- _Work to complete_: Write down exactly what lies from the line containing "BEST Sequin Top" to the end of the records, inclusive, and omit the pictures.
##### Extracted data
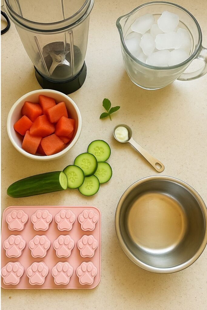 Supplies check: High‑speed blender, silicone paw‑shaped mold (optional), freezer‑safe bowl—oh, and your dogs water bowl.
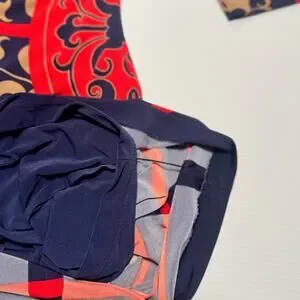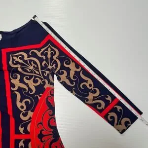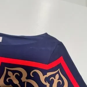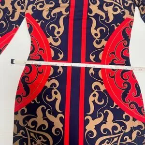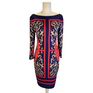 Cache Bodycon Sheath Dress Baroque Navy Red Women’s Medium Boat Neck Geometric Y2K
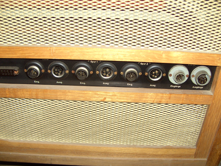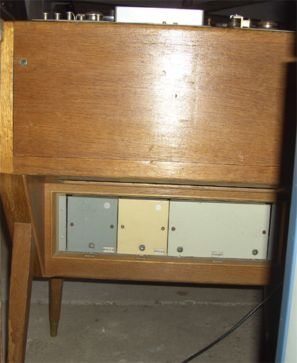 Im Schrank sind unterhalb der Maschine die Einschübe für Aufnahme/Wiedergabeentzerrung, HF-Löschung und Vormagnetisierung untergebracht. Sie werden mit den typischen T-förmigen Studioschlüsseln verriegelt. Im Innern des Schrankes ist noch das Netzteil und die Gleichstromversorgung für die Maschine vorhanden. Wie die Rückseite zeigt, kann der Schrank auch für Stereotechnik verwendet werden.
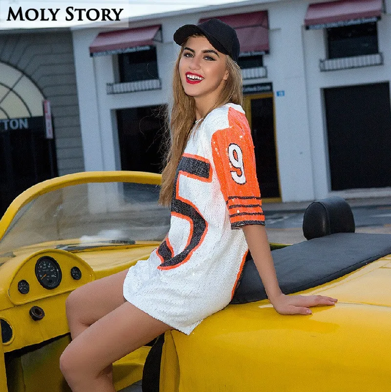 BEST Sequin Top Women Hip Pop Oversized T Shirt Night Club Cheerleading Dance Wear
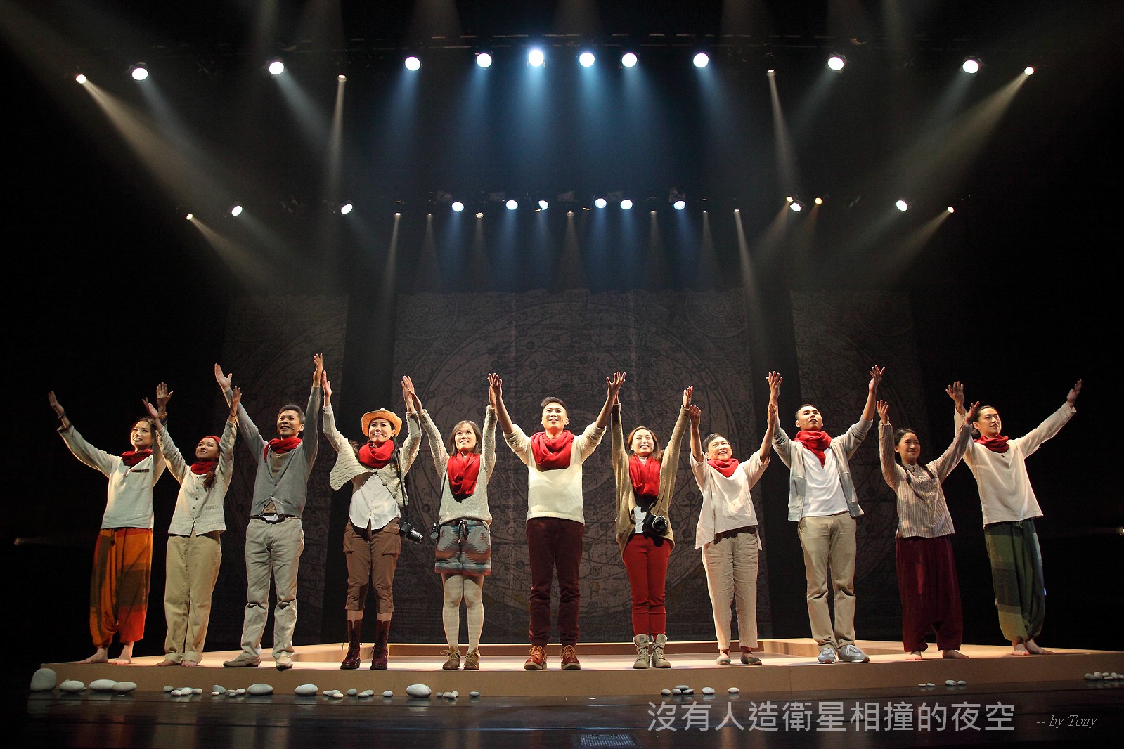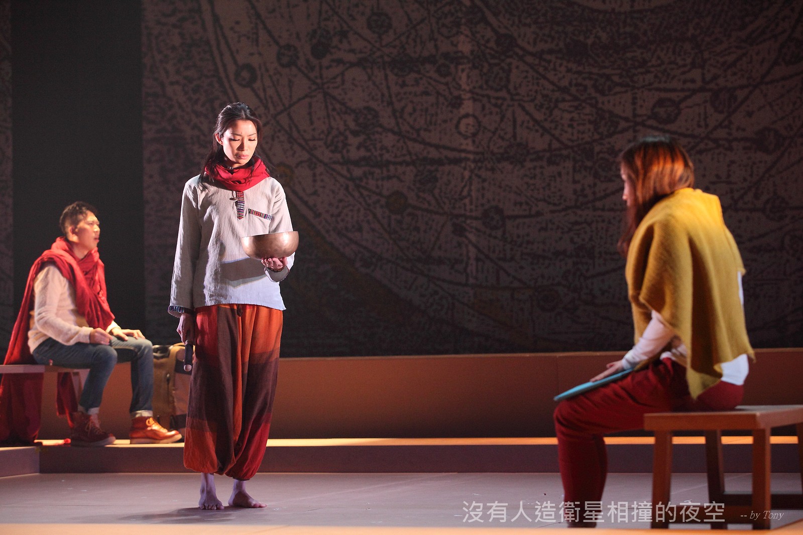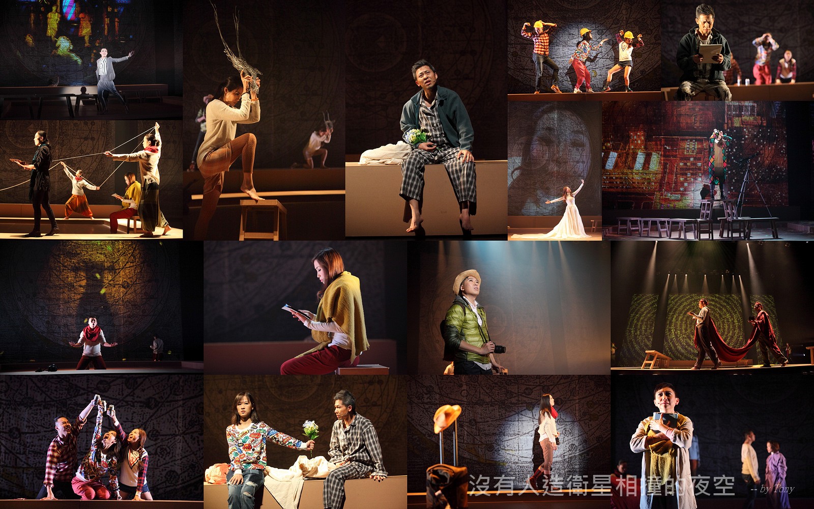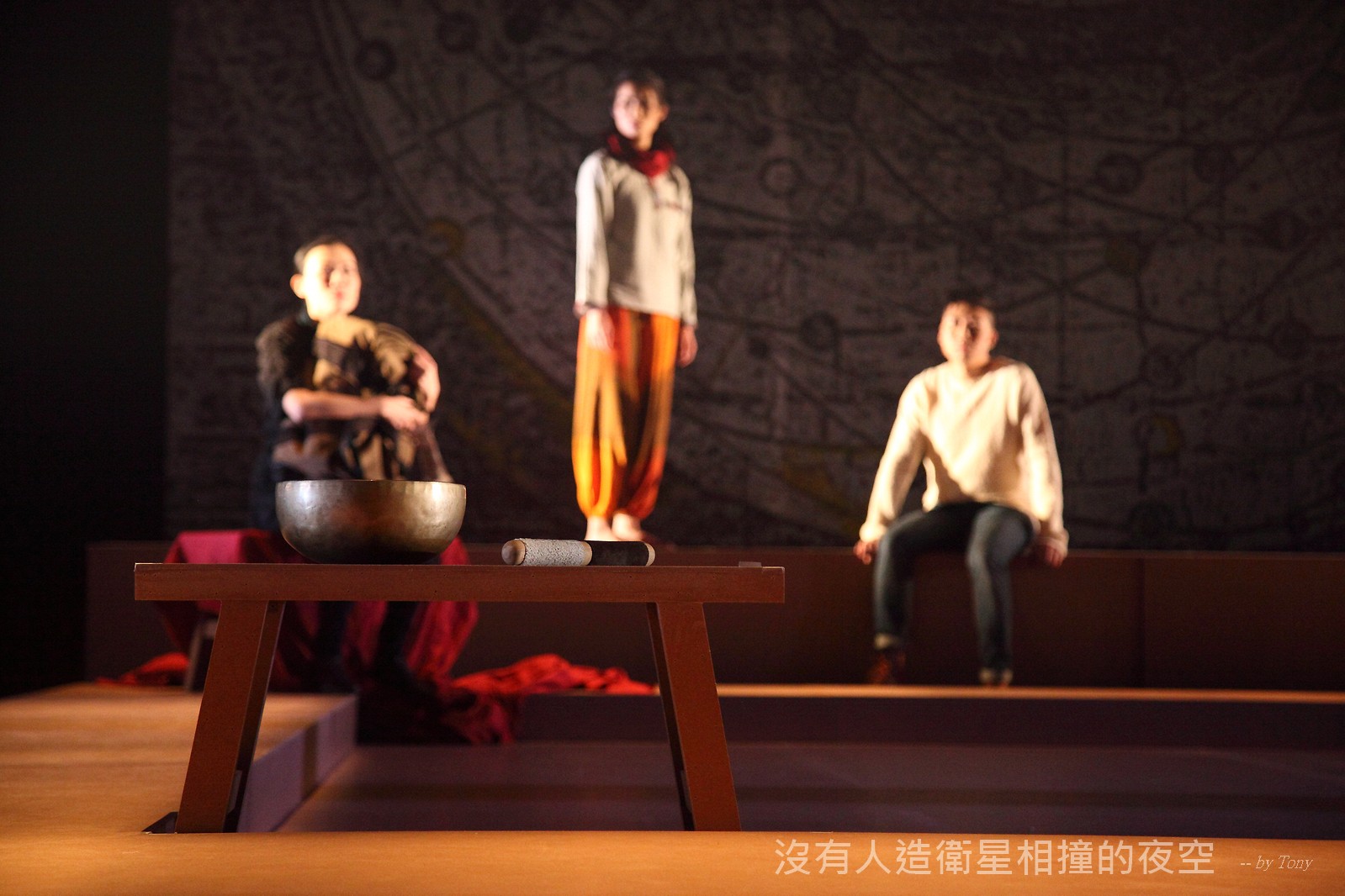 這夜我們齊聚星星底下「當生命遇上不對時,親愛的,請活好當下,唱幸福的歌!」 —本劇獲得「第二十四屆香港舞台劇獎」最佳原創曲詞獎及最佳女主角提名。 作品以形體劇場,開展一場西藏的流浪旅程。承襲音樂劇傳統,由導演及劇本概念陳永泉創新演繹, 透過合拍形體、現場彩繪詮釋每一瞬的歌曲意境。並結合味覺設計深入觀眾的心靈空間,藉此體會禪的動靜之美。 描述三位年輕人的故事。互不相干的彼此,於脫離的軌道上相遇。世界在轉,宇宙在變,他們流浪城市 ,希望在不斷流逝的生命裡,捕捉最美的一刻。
##########
- _Answer space_:
 BEST Sequin Top Women Hip Pop Oversized T Shirt Night Club Cheerleading Dance Wear
 這夜我們齊聚星星底下「當生命遇上不對時,親愛的,請活好當下,唱幸福的歌!」 —本劇獲得「第二十四屆香港舞台劇獎」最佳原創曲詞獎及最佳女主角提名。 作品以形體劇場,開展一場西藏的流浪旅程。承襲音樂劇傳統,由導演及劇本概念陳永泉創新演繹, 透過合拍形體、現場彩繪詮釋每一瞬的歌曲意境。並結合味覺設計深入觀眾的心靈空間,藉此體會禪的動靜之美。 描述三位年輕人的故事。互不相干的彼此,於脫離的軌道上相遇。世界在轉,宇宙在變,他們流浪城市 ,希望在不斷流逝的生命裡,捕捉最美的一刻。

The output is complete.